Tuition to Rise 5%; Financial Aid 11%

Bill HolderMarch 3, 20104min

Wesleyan’s Board of Trustees voted last weekend to increase tuition and residential comprehensive fees by 5% percent for the 2010-11 academic year.

Tuition will be $41,814 for all students in 2010-2011. For freshman and sophomores, the residential comprehensive fee will be $11,592. For juniors and seniors, the fee will be $13,176. The higher residential comprehensive fee for juniors and seniors reflects the higher cost of the options available to them. Juniors and seniors have access to apartments and houses in addition to residence hall rooms. They also have greater flexibility in dining options.

“Although we are mindful of the difficulties inherent in annual tuition increases,” says President Michael S. Roth, “in order to maintain our high quality liberal arts programs and our scholar-teacher model we must increase tuition in the coming year.”

Roth went on to say that “Wesleyan is financially stable and has a balanced budget because we have significantly reduced expenditures over the past two years. We are raising student charges by the smallest amount needed to maintain our fiscal stability.” After consulting with the Board of Trustees, Roth emphasized the importance of minimizing expenditures that do not directly affect the experience of students so as to reduce the need for significant tuition hikes in the future.

In the context of the tuition increase for 2010-2011, Roth emphasized the importance of maintaining access to Wesleyan through a robust financial aid program. The university expects financial aid expenditures to rise next year by 11 percent and is projecting an increase in health care costs of 10 percent.
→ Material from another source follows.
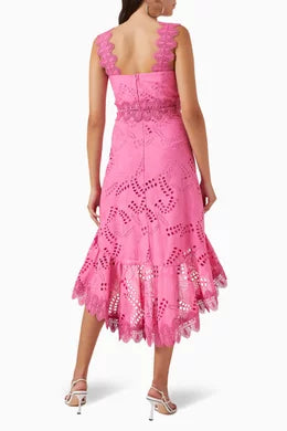 Uno de nuestros favoritos de esta colección: el vestido Jackie es la definición de elegancia. Ajustado en busto, cintura y caderas, realza y realza tu silueta, mientras que su falda ligeramente acampanada, de corte asimétrico y con acabado de encaje, invita al movimiento. Además, cuenta con tirantes anchos de encaje y una cremallera trasera oculta. Baila toda la noche con este coqueto vestido, ideal para ocasiones especiales.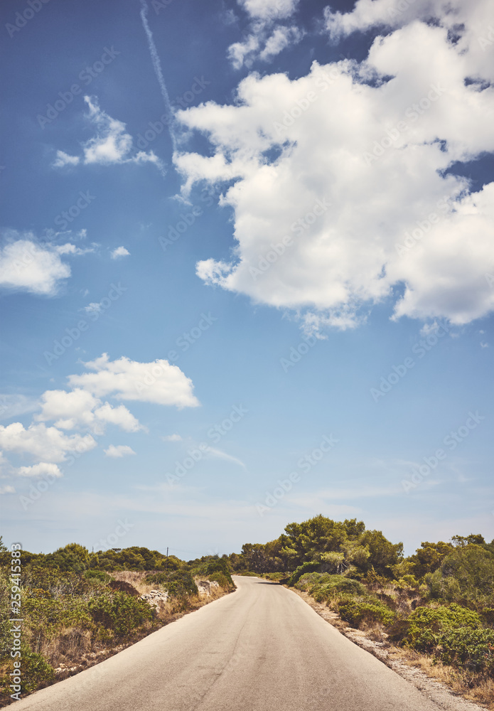 Countryside asphalt road on Mallorca, color toning applied, Spain.

Wesleyan has taken steps to relieve inflationary pressures on the budget in the long term. The university has reduced annual expenses significantly and is in the process of implementing approximately $30M in reductions to its annual budget. Steps taken include:

• curtailment or elimination of proposed construction projects
• an approximate 10 percent reduction in staff (mostly through attrition and a voluntary separation program)
• one-year salary freeze
• a 22 percent reduction in energy usage since 2004
• numerous additional reductions in specific budgets

Wesleyan also has increased enrollments in each class by 30 students (120 total) to generate additional revenue.

President Roth noted that Wesleyan is building its endowment so that more resources will be available to support educational expenditures in the future. In the coming years, the university hopes to triple the endowment for financial aid, adding the equivalent of 400 new scholarships.

Roth stressed that in this difficult economic period the university is still taking steps to offer students an enhanced educational experience. “We have hired 25 faculty members, and even as we secure our future financially, we are developing new curricular programs.”

Roth cited the new programs in Creative Writing, the College of the Environment and Middle Eastern Studies as examples of curricular enhancement, as well as an initiative that has added dozens of new small classes to the curriculum in a variety of fields. “Applications have soared by 30 percent in the last two years. Students across the nation and around the world see Wesleyan as the exciting school all of us know it to be,” Roth says.